To verify the presence of mycoviruses in each strain, cDNAs were synthesized using Moloney murine leukemia virus (M-MLV) reverse transcriptase (Promega, USA) and an oligo(dT) primer following the manufacturer’s instructions. Mycovirus-specific primers (see Table S1 in the supplemental material) were used to detect mycovirus content in individual strains of R. solani.

Complete genome cloning and Sanger sequencing.

RNA samples, either from virus particles or from mycelium mass, were used for cDNA cloning and terminal determination as described previously, with minor modifications (57). An anchor primer PC3-T7 loop (5′-p-GGATCCCGGGAATTCGGTAATACGACTCACTATATTTTTATAGTGAGTCGTATTA-OH-3′) was ligated to purified ssRNA using T4 RNA ligase and was used for the RT reaction. The primer PC2 (5′-CCGAATTCCCGGGATCC-3′) was designed based on the corresponding sequence of the PC3-T7 loop, and sequence-specific primers were designed based on the available sequence and proximal region sequences used for the amplification of terminal sequences. The expected PCR products were recovered and purified with a gel extraction kit (Omega Bio-Tek, USA) and cloned into the pMD18-T vector (TaKaRa, Dalian, China) for sequencing. To achieve high-quality consensus sequences and to avoid laboratory PCR artifacts, each nucleotide of full-length cDNA was sequenced at least three times. Primers used in this study are listed in Table S1 in the supplemental material.

To define transcription initiation and termination sites of the five genes in RsRhV1 and RsRhV2, the 5′- and 3′-RACE techniques were applied using previously described methods (58). The primers used for RT-PCR and RACE analyses are listed in Table S2 in the supplemental material.

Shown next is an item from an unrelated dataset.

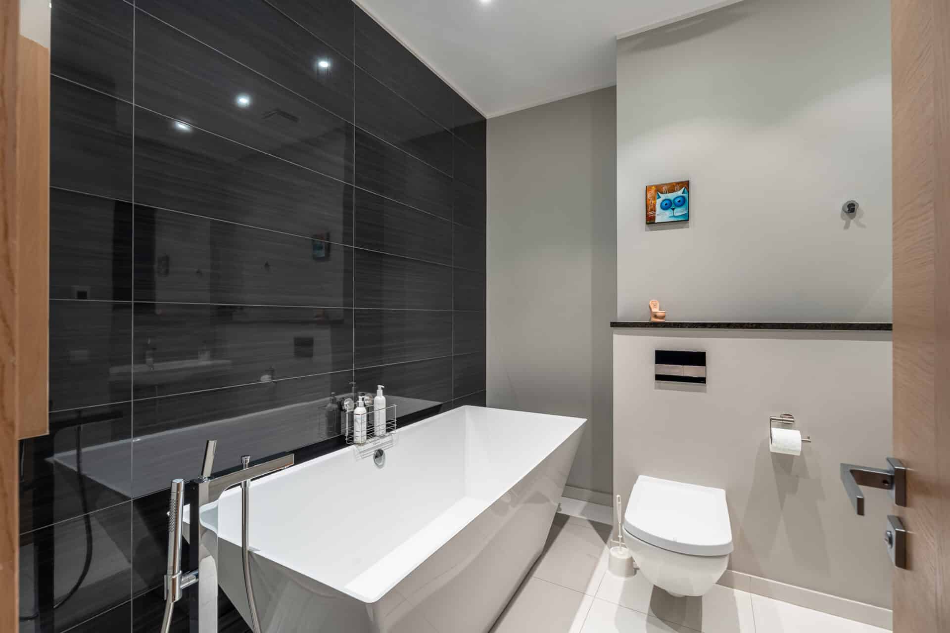 The 174 square meter apartment (useful area – 107 square meters) offers the enjoyment of a comfortable and modern way of life. Entering the apartment, you find yourself in a bright corridor with a window and a built-in wardrobe, immediately opposite is the first 19 sqm bedroom, from the corridor there is an entrance to a spacious living room 57 sqm. with a dining area and a kitchen, with an exit to both terraces. In the far corner of the apartment is the owner’s 22 sq.m. bedroom with 2 bathrooms with bath and shower next to it..
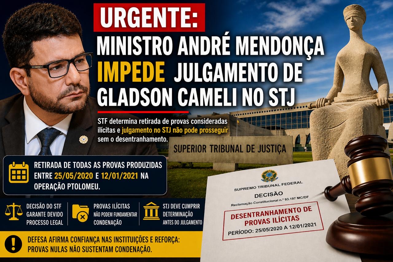 Uma decisão do ministro André Mendonça, do Supremo Tribunal Federal (STF), publicada nesta terça-feira (14), mudou o rumo do julgamento do ex-governador do Acre, Gladson Cameli, que estava previsto para ser retomado nesta quarta-feira (15) no Superior Tribunal de Justiça (STJ).

To define the expression profiles of five genes of RsRhV1 and RsRhV2, the total RNA of strain XY175 was subjected to transcriptome sequencing. SAMtools v1.9 was used to count the number of reads for the mRNA sequences of genes from RsRhV1 and RsRhV1. The reads were mapped to RsRhV1 and RsRhV2 genomes using HISAT2 v2.1.0 (59). The aligned SAM files were sorted into BAM files, and then the idxstats command of SAMtools v1.9 (60) was used to count the number of reads for each mRNA sequence. The expression of these mRNAs in the sequencing data was calculated with the following formula: reads per kilobase of transcript per million mapped reads (RPKM) = total exon reads/(mapped reads × exon length). Three replications of transcriptome sequencing were conducted.

Bioinformatic analyses.

Full-length viral genome sequences were submitted to the ORFfinder on the NCBI website to determine their gene organization and the amino acid sequences of the gene products. The molecular weight and isoelectric point of each virus-encoded protein were calculated using the Compute pI/Mw tool available at ExPASy (https://web.expasy.org/compute_pi). Transmembrane α-helices and signal peptides were predicted using the TMHMM and SignalP programs, respectively (https://services.healthtech.dtu.dk). The potential glycosylation sites were predicted using the NetOGlyc v4.0 server (https://services.healthtech.dtu.dk/service.php?NetOGlyc-4.0) and NetNGlyc v1.0 server (https://services.healthtech.dtu.dk/service.php?NetNGlyc-1.0). The potential phosphorylation sites were determined using the NetPhos v3.1 server (https://services.healthtech.dtu.dk/service.php?NetPhos-3.1). The conserved domains were identified via MotifFinder (https://www.genome.jp/tools/motif). Multiple sequence alignment was computed using the ClustalW and BLAST software packages. Multiple alignments of the conserved domains in the proteins encoded by the viruses were projected using the MUSCLE program in MEGA v7. Phylogenetic analysis was carried out using the linked nucleotide sequences and translated amino acid sequences in the GenBank database, based on high levels of similarity with known viral nucleic acids and proteins. Phylogenetic trees based on the sequences of L, N, and G proteins of RsRhV1 and RsRhV2 were constructed using the ML method, with a bootstrap value of 1,000 replicates, through MEGA v7.0.18 (http://www.megasoftware.net/megamacBeta.php).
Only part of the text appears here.